Cevap: Açıklamalı Risale Dersleri 53 - Dünya Lezzet ve Ücret ve Mükâfat Yeri Değildir
[NOT]Evet, ibadet iki kısımdır: bir kısmı müsbet, diğeri menfi. Müsbet kısmı malûmdur. Menfi kısmı ise, hastalıklar ve musibetlerle, musibetzede zaafını ve aczini hissedip, Rabb-i Rahîmine ilticâkârâne teveccüh edip, Onu düşünüp, Ona yalvarıp hâlis bir ubudiyet yapar. Bu ubudiyete riyâ giremez, hâlistir. Eğer sabretse, musibetin mükâfâtını düşünse, şükretse, o vakit herbir saati bir gün ibadet hükmüne geçer. Kısacık ömrü uzun bir ömür olur. Hattâ bir kısmı var ki, bir dakikası bir gün ibadet hükmüne geçer. Hattâ bir âhiret kardeşim, Muhacir Hafız Ahmed isminde bir zâtın müthiş bir hastalığına ziyade merak ettim. Kalbime ihtar edildi: “Onu tebrik et. Herbir dakikası bir gün ibadet hükmüne geçiyor.” Zaten o zat sabır içinde şükrediyordu.[/NOT]
İbadetleri ikiye ayırıyor Üstad Hazretleri. Müsbet ve menfi ibadetler.

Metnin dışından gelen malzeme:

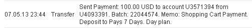 05.07.13 13:26 Account Receive +0.58 Received Payment 0.58 USD from account U3571394 to account U3ххххххх. Memo: API Payment. Withdraw 1 of 80 from Pays 7 Days.

Müsbet olanlar bildiğimiz namaz, oruç, hac, zekat vs. ibadetlerdir. Menfi ibadetler ise musibet ve hastalıklardır. Ki hastalıklar ve musibetler tabiri caizse, birden bire gözümüzün açılmasına sebeb olurlar. Küçücük cesedimizle yerine göre dünyaya meydan okuyoruz. Musibetler ise zaaflarımızı, acizimiz hatırlatıyor bize. Allah cc. izin vermezse bir parmağımızı bile kıpırdatamayacağımızı anlıyoruz. Hastalık veya musibeti tam hissederek yaşadığımızdan yapmacıklığa ve riyakarlığa meydan bulamıyoruz. Oysa rahat ve lezzet içinde yaptığımız ibadetlerin birçoğundan gafiliz. Musibetler samimi hal takınmamıza ve samimi bir dil ile Allah'a yalvarmamıza vesile oluyorlar. Günahlardan uzaklaşıp, Allah'a cc. yaklaşmamıza vesile oluyorlar. Bunun gibi musibetlerin ve hastalıkların daha birçok faydalarını ve güzel neticelerini düşünürsek, kısacık ömrümüz meyvedar olacaktır inşaallah.